» **Dataset content**:

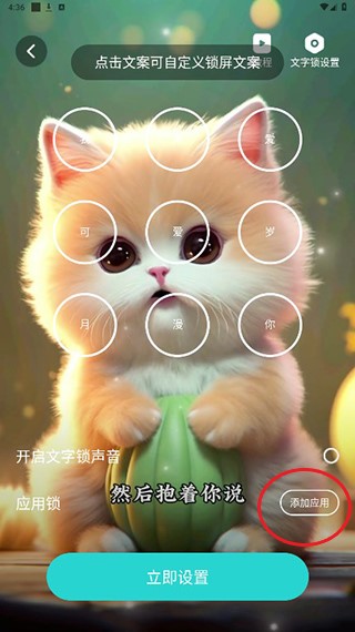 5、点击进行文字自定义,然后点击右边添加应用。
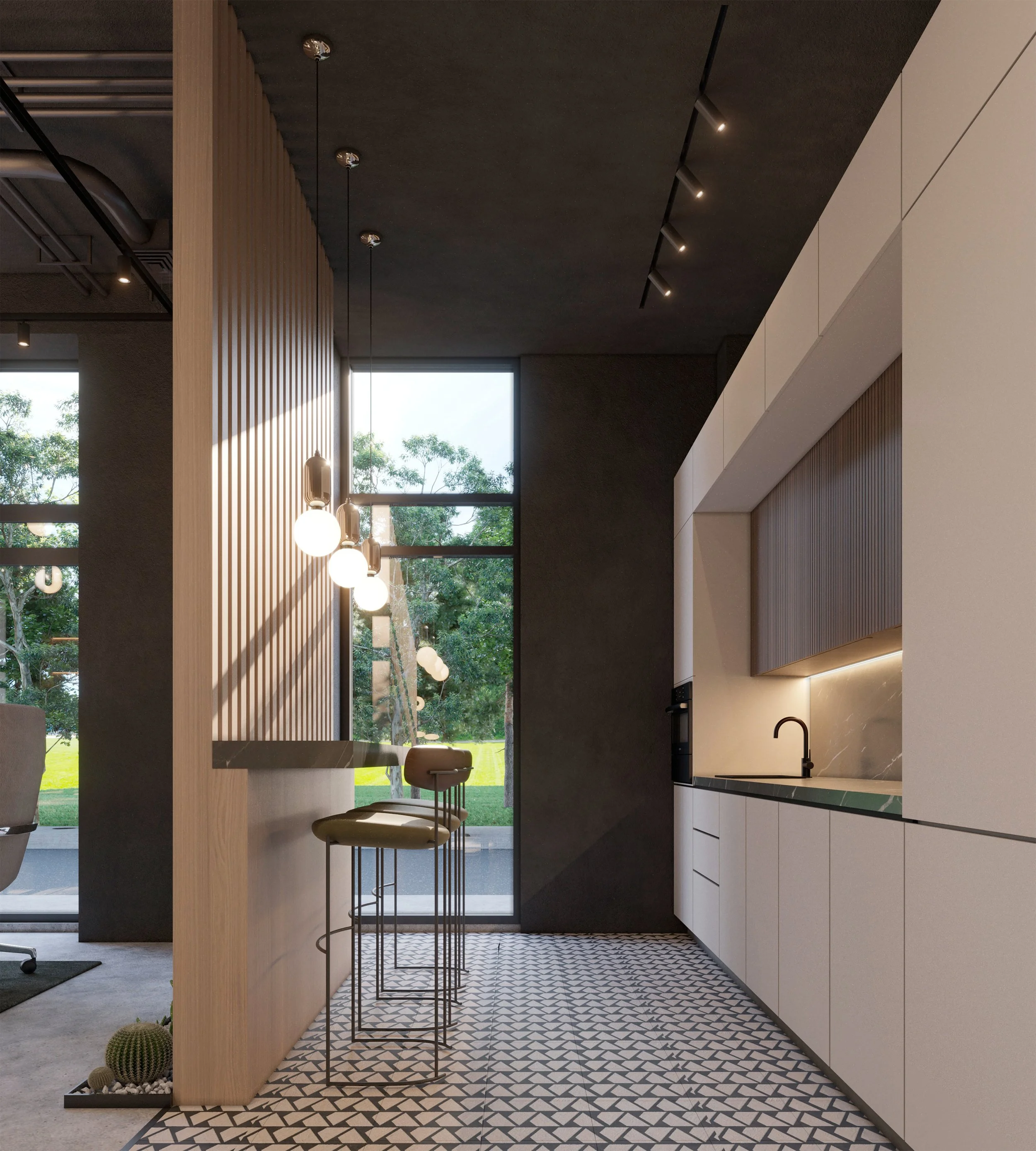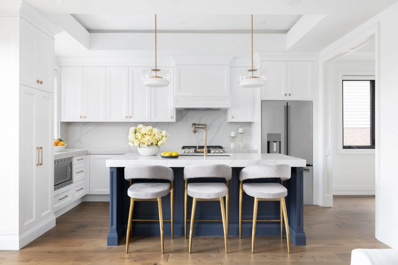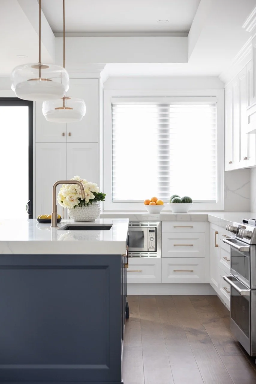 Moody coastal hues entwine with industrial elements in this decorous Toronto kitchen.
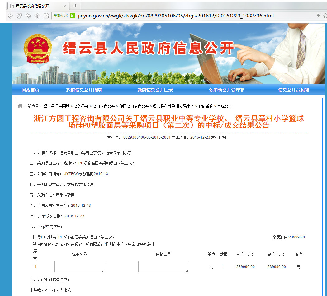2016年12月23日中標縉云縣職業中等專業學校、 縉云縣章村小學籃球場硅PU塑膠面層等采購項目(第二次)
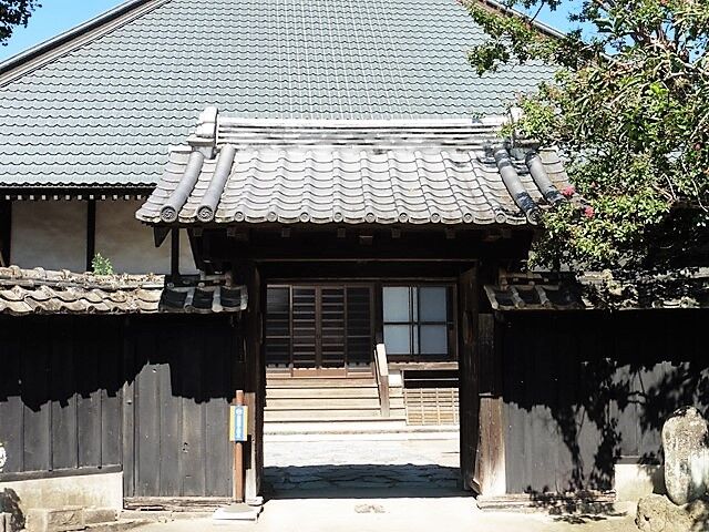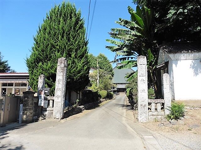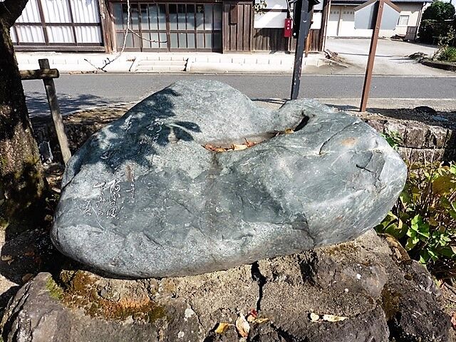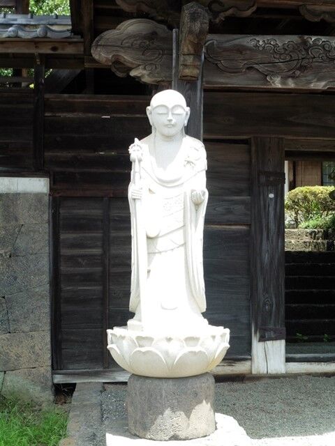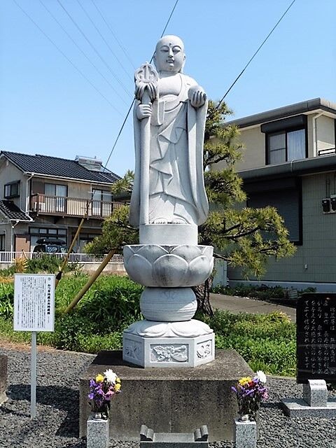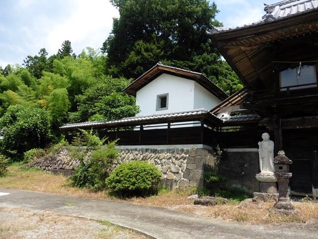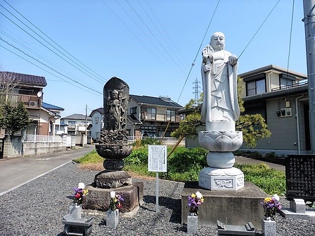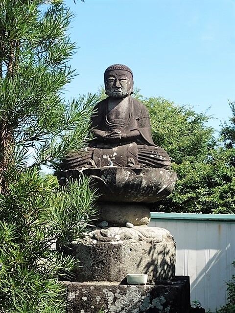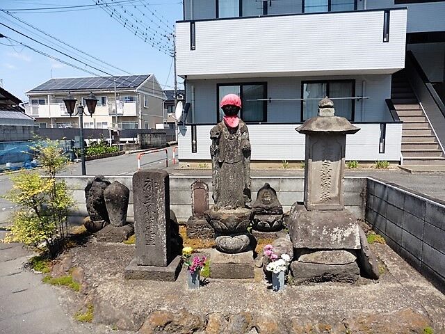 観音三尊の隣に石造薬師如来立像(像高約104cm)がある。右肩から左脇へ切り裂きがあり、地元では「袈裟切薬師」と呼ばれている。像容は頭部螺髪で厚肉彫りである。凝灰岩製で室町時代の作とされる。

» **Your assignment**:
Are you able to set down all the lines above exactly, without any pictures?

» **Exercise result**:
 5、点击进行文字自定义,然后点击右边添加应用。
 Moody coastal hues entwine with industrial elements in this decorous Toronto kitchen.
2016年12月23日中標縉云縣職業中等專業學校、 縉云縣章村小學籃球場硅PU塑膠面層等采購項目(第二次)
 観音三尊の隣に石造薬師如来立像(像高約104cm)がある。右肩から左脇へ切り裂きがあり、地元では「袈裟切薬師」と呼ばれている。像容は頭部螺髪で厚肉彫りである。凝灰岩製で室町時代の作とされる。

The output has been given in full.